» **DATA SHOWN**:
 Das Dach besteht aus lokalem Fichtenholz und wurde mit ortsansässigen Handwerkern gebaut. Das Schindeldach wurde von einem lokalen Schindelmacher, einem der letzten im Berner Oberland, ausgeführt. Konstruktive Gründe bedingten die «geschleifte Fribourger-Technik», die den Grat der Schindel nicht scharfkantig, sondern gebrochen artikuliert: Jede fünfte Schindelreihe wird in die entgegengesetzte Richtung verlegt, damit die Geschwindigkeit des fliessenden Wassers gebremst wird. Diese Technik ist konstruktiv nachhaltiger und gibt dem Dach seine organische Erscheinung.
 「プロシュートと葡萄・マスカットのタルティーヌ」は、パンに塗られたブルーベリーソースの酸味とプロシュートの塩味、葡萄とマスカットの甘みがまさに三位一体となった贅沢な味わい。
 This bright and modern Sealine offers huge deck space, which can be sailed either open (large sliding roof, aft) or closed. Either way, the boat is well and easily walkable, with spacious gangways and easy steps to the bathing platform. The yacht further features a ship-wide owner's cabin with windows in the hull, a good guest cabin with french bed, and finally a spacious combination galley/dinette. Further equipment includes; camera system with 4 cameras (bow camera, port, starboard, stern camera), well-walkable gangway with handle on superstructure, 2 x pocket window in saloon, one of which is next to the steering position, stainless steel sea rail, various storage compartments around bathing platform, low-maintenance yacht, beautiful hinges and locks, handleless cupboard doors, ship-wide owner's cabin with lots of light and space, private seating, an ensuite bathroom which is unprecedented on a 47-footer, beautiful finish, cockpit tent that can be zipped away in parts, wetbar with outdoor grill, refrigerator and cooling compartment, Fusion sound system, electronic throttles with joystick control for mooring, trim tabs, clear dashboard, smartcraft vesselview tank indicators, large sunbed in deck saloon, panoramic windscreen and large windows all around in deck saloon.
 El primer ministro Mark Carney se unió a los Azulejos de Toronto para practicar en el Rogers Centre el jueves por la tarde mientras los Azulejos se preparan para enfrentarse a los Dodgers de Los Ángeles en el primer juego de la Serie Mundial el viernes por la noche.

* * *

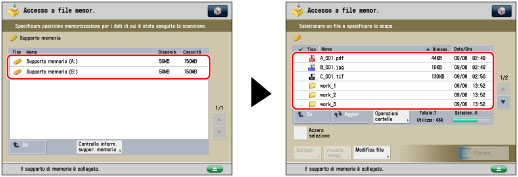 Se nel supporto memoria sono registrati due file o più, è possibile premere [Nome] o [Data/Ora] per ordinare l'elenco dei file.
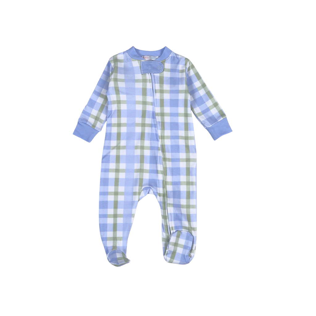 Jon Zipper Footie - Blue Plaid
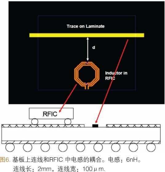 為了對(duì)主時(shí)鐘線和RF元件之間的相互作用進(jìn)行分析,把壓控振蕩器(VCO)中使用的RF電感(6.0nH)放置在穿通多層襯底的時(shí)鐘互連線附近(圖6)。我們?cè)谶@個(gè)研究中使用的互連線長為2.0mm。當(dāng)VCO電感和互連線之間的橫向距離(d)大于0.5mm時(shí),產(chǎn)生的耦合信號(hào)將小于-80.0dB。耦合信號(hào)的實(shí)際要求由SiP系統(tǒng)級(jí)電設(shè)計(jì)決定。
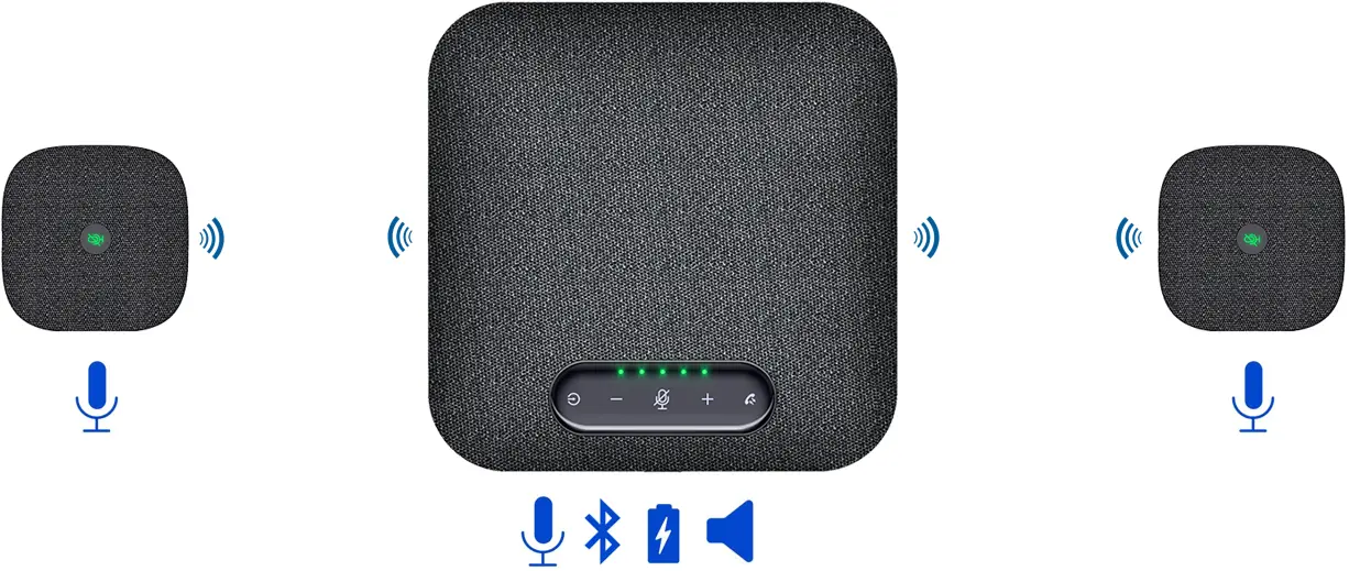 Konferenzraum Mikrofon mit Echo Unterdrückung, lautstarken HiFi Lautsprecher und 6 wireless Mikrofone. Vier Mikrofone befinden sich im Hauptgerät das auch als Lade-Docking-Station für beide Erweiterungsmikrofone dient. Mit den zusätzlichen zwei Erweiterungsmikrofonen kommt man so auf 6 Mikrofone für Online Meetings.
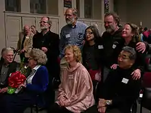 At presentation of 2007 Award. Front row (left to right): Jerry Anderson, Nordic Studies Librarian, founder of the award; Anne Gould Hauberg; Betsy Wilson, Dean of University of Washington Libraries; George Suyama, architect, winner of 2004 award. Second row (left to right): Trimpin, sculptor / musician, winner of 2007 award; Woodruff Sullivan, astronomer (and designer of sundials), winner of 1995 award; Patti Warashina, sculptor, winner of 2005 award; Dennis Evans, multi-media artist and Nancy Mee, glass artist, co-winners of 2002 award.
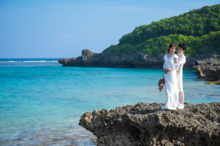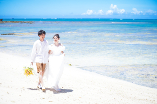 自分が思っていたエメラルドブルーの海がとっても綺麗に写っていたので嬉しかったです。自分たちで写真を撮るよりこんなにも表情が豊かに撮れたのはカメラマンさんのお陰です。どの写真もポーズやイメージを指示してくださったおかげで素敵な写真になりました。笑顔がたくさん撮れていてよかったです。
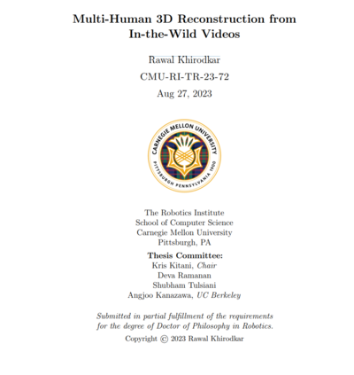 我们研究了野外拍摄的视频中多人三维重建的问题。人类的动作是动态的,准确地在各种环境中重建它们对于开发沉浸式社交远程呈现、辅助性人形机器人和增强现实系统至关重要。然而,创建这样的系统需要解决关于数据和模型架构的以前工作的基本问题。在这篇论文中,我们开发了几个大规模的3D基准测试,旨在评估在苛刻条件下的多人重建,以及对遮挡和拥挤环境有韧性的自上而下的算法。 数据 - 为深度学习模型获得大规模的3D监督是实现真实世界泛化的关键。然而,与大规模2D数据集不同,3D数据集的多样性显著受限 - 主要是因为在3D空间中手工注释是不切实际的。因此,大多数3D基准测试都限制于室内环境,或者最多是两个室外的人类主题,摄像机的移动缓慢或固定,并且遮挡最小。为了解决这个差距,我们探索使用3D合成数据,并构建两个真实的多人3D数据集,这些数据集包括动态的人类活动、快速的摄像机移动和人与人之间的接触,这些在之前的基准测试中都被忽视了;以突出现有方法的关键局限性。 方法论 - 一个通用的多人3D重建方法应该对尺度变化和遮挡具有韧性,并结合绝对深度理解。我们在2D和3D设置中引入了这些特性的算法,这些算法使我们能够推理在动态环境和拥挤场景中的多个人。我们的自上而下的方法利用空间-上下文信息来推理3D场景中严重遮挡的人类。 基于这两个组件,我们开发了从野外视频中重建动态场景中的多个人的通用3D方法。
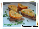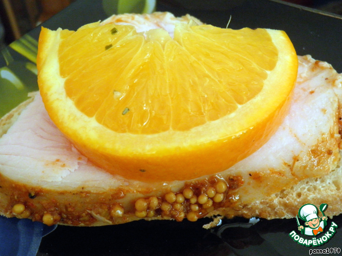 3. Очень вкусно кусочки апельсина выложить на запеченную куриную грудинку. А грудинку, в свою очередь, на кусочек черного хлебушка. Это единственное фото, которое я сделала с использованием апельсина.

» **WORK INSTRUCTION**: Write out again exactly the lines above from the one with "自分が思っていたエメラルドブ" through the one with "3. Очень вкусно", adding no other lines and no pictures.

» **TASK OUTPUT**:
 自分が思っていたエメラルドブルーの海がとっても綺麗に写っていたので嬉しかったです。自分たちで写真を撮るよりこんなにも表情が豊かに撮れたのはカメラマンさんのお陰です。どの写真もポーズやイメージを指示してくださったおかげで素敵な写真になりました。笑顔がたくさん撮れていてよかったです。
 我们研究了野外拍摄的视频中多人三维重建的问题。人类的动作是动态的,准确地在各种环境中重建它们对于开发沉浸式社交远程呈现、辅助性人形机器人和增强现实系统至关重要。然而,创建这样的系统需要解决关于数据和模型架构的以前工作的基本问题。在这篇论文中,我们开发了几个大规模的3D基准测试,旨在评估在苛刻条件下的多人重建,以及对遮挡和拥挤环境有韧性的自上而下的算法。 数据 - 为深度学习模型获得大规模的3D监督是实现真实世界泛化的关键。然而,与大规模2D数据集不同,3D数据集的多样性显著受限 - 主要是因为在3D空间中手工注释是不切实际的。因此,大多数3D基准测试都限制于室内环境,或者最多是两个室外的人类主题,摄像机的移动缓慢或固定,并且遮挡最小。为了解决这个差距,我们探索使用3D合成数据,并构建两个真实的多人3D数据集,这些数据集包括动态的人类活动、快速的摄像机移动和人与人之间的接触,这些在之前的基准测试中都被忽视了;以突出现有方法的关键局限性。 方法论 - 一个通用的多人3D重建方法应该对尺度变化和遮挡具有韧性,并结合绝对深度理解。我们在2D和3D设置中引入了这些特性的算法,这些算法使我们能够推理在动态环境和拥挤场景中的多个人。我们的自上而下的方法利用空间-上下文信息来推理3D场景中严重遮挡的人类。 基于这两个组件,我们开发了从野外视频中重建动态场景中的多个人的通用3D方法。
 3. Очень вкусно кусочки апельсина выложить на запеченную куриную грудинку. А грудинку, в свою очередь, на кусочек черного хлебушка. Это единственное фото, которое я сделала с использованием апельсина.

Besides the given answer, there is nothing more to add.